Given the material below, return only the lines starting at the line with "Por provincias, en" and ending at the line with "Bishop (left) in", exactly as they appear.

__SUPPLIED MATERIAL__.
────────────────────

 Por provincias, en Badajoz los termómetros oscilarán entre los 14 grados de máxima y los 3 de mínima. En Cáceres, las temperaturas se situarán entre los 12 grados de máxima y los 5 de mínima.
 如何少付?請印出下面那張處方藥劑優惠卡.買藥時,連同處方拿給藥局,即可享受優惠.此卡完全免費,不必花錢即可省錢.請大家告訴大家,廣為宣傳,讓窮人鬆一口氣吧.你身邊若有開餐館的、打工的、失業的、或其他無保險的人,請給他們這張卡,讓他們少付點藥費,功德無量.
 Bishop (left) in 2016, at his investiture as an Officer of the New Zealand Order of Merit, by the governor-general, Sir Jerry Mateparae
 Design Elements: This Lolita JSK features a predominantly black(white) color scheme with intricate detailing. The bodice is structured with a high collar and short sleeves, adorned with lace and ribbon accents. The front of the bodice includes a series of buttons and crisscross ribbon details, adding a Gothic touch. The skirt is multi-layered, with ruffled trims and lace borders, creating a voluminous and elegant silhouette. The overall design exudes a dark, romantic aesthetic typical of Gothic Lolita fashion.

────────────────────

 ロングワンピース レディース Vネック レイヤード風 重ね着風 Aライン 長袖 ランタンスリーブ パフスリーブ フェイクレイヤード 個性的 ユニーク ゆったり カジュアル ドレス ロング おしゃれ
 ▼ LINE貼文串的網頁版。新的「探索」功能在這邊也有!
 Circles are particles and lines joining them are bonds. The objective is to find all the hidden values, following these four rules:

────────────────────

__WRITTEN SOLUTION__.
 Por provincias, en Badajoz los termómetros oscilarán entre los 14 grados de máxima y los 3 de mínima. En Cáceres, las temperaturas se situarán entre los 12 grados de máxima y los 5 de mínima.
 如何少付?請印出下面那張處方藥劑優惠卡.買藥時,連同處方拿給藥局,即可享受優惠.此卡完全免費,不必花錢即可省錢.請大家告訴大家,廣為宣傳,讓窮人鬆一口氣吧.你身邊若有開餐館的、打工的、失業的、或其他無保險的人,請給他們這張卡,讓他們少付點藥費,功德無量.
 Bishop (left) in 2016, at his investiture as an Officer of the New Zealand Order of Merit, by the governor-general, Sir Jerry Mateparae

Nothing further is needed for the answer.